_Work instruction_: In this exercise, print only the lines of the records below from the one with "El anillo Drusila, es" through the one with "安德鲁·帕金斯:我们以一百美", inclusive. Pictures are not part of the copy.

_Material supplied_:
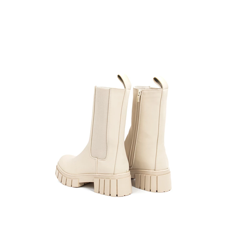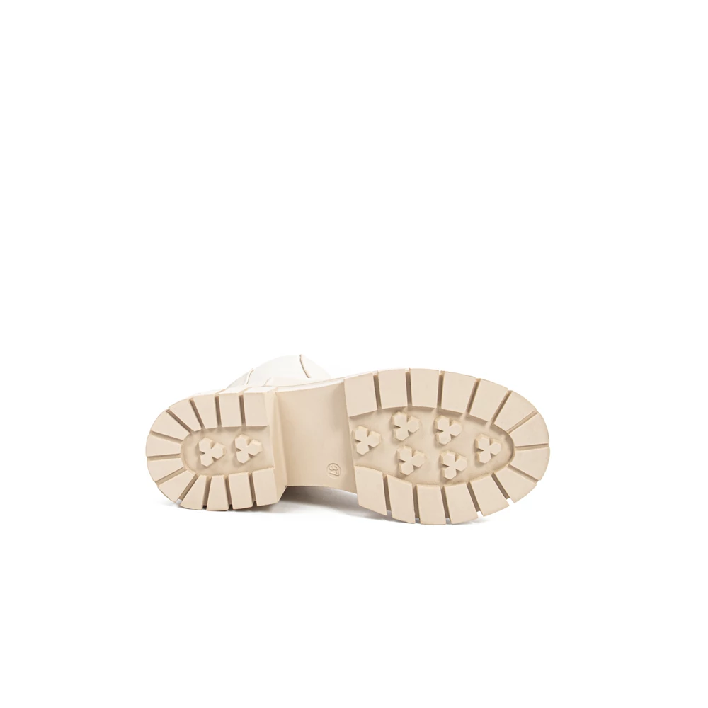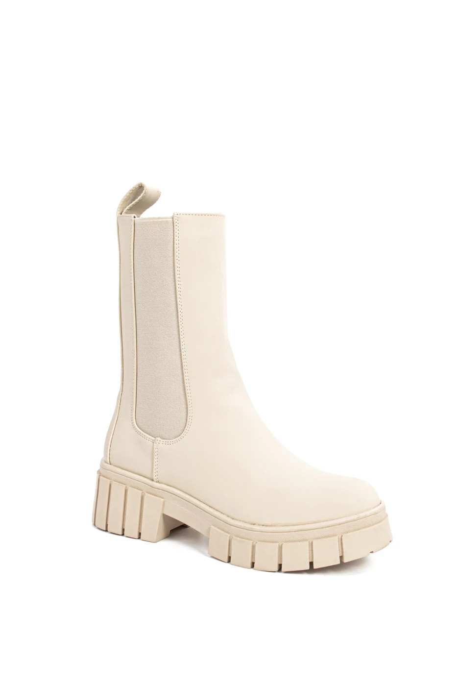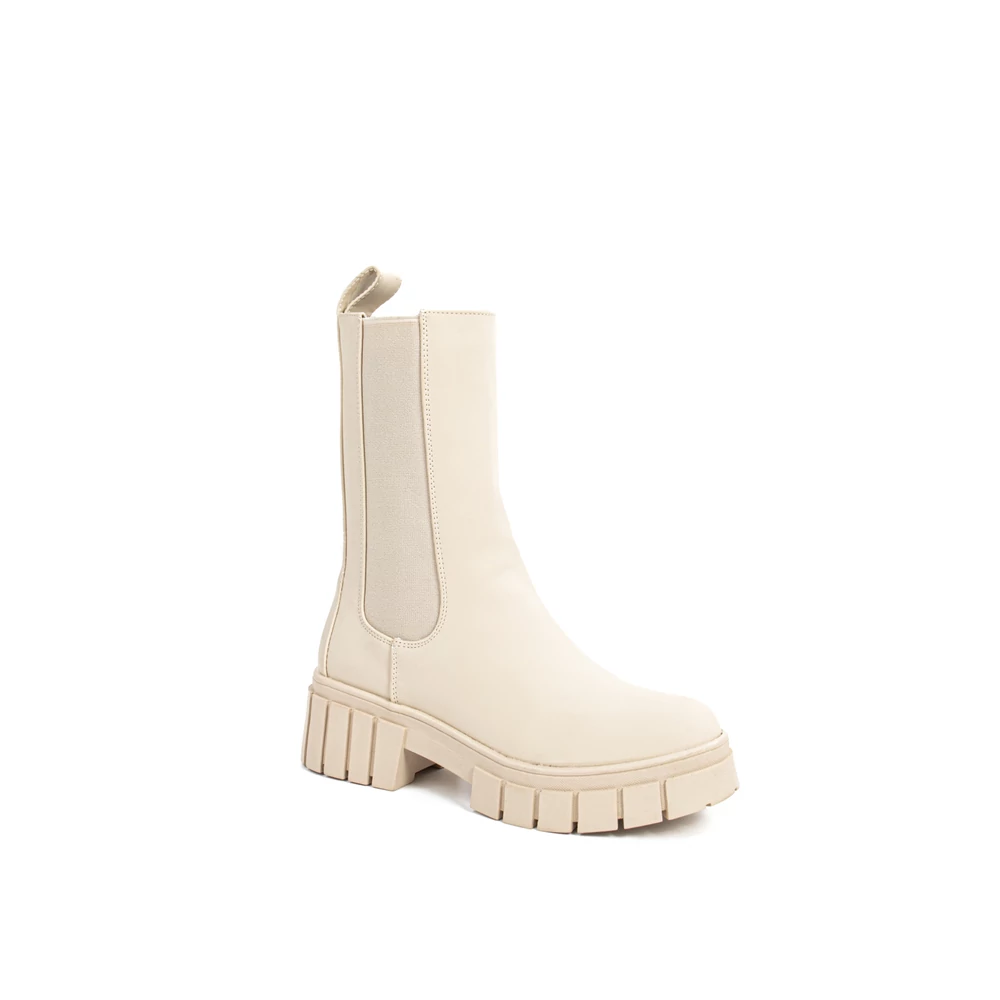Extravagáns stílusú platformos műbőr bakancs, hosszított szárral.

==

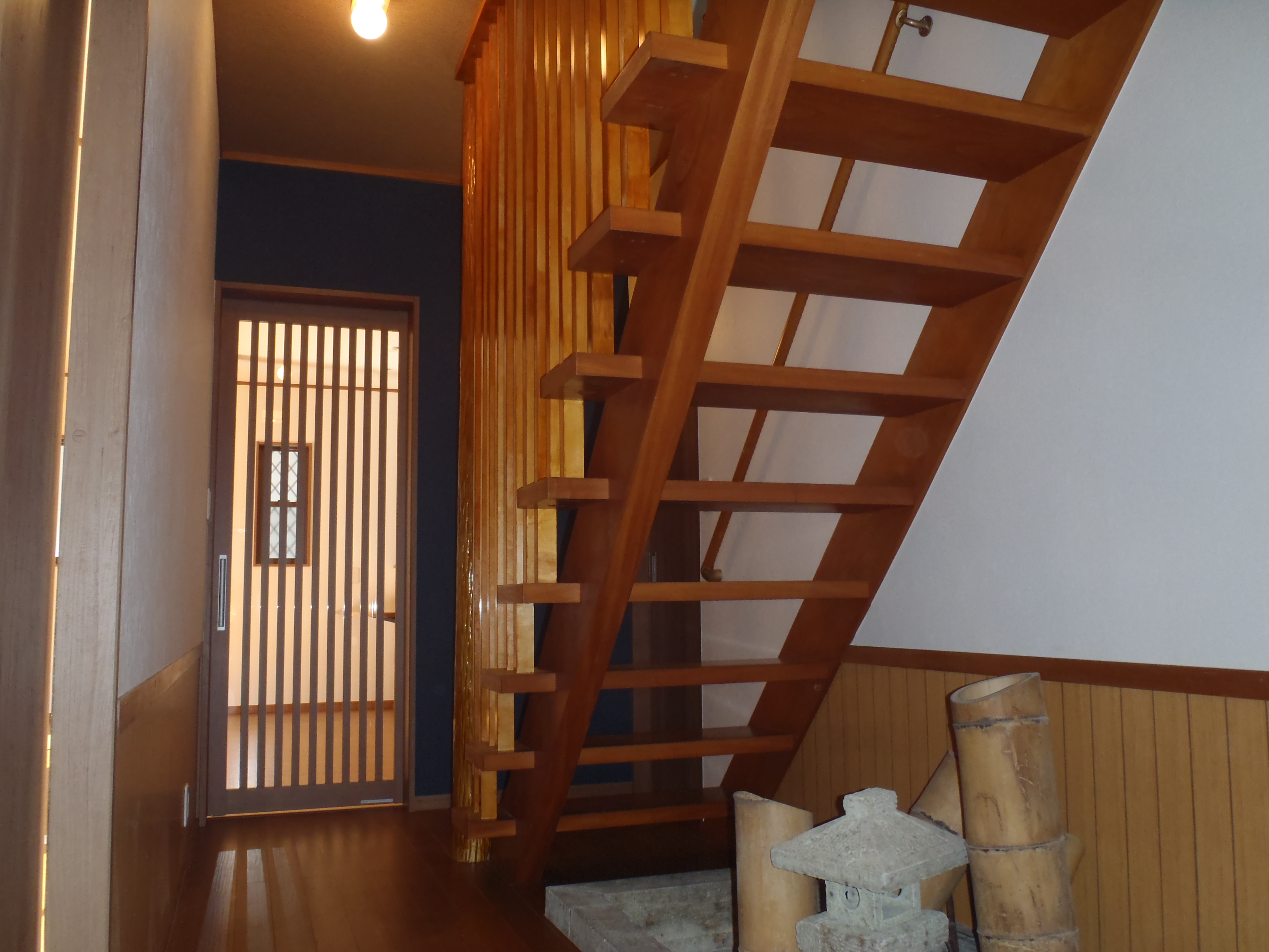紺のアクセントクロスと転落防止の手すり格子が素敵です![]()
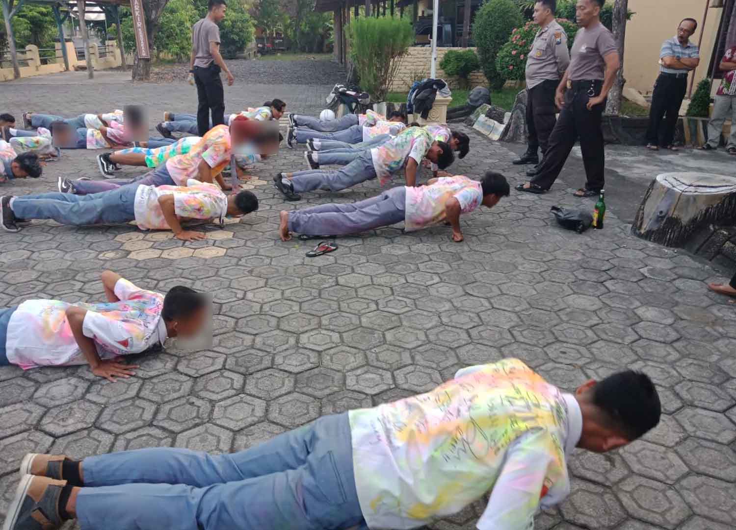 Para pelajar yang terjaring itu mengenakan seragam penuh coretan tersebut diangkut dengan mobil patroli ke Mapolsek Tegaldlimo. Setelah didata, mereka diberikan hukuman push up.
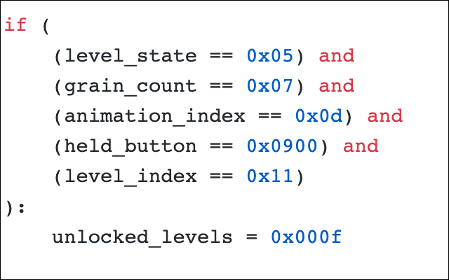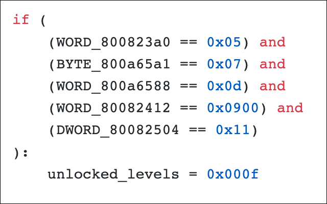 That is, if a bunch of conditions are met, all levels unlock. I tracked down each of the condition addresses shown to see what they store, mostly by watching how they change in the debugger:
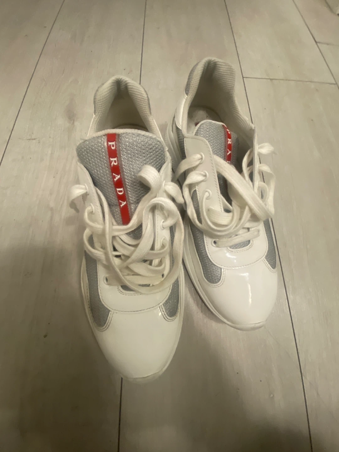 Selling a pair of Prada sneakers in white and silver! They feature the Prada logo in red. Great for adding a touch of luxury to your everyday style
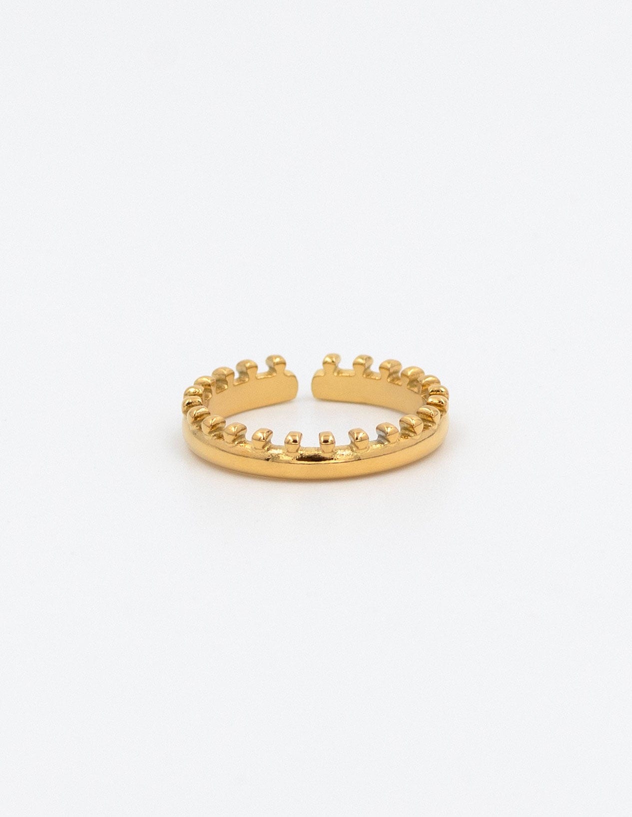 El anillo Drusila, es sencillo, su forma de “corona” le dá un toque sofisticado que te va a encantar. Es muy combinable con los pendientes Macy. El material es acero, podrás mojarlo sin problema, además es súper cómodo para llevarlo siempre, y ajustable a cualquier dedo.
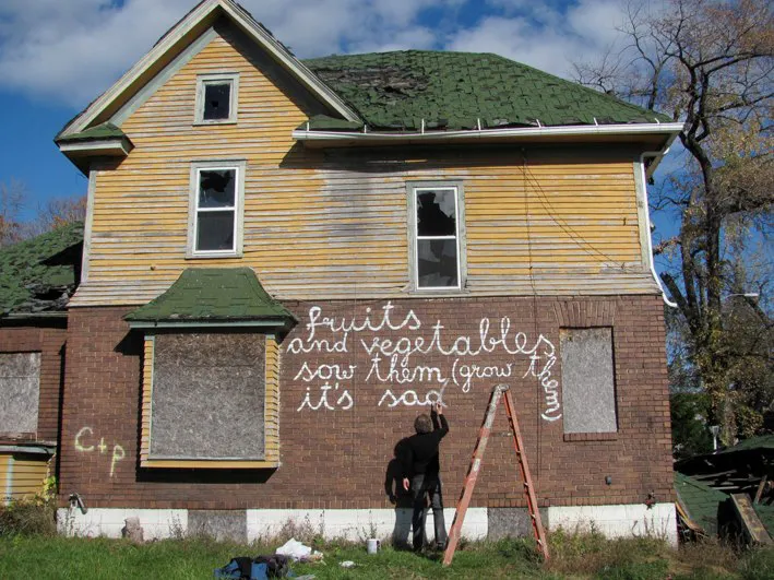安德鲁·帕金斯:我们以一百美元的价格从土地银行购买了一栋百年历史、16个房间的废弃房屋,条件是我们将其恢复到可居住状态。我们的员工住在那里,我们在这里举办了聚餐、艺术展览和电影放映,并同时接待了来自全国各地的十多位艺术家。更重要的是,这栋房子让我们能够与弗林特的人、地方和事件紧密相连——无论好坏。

_The completed task_:
 El anillo Drusila, es sencillo, su forma de “corona” le dá un toque sofisticado que te va a encantar. Es muy combinable con los pendientes Macy. El material es acero, podrás mojarlo sin problema, además es súper cómodo para llevarlo siempre, y ajustable a cualquier dedo.
安德鲁·帕金斯:我们以一百美元的价格从土地银行购买了一栋百年历史、16个房间的废弃房屋,条件是我们将其恢复到可居住状态。我们的员工住在那里,我们在这里举办了聚餐、艺术展览和电影放映,并同时接待了来自全国各地的十多位艺术家。更重要的是,这栋房子让我们能够与弗林特的人、地方和事件紧密相连——无论好坏。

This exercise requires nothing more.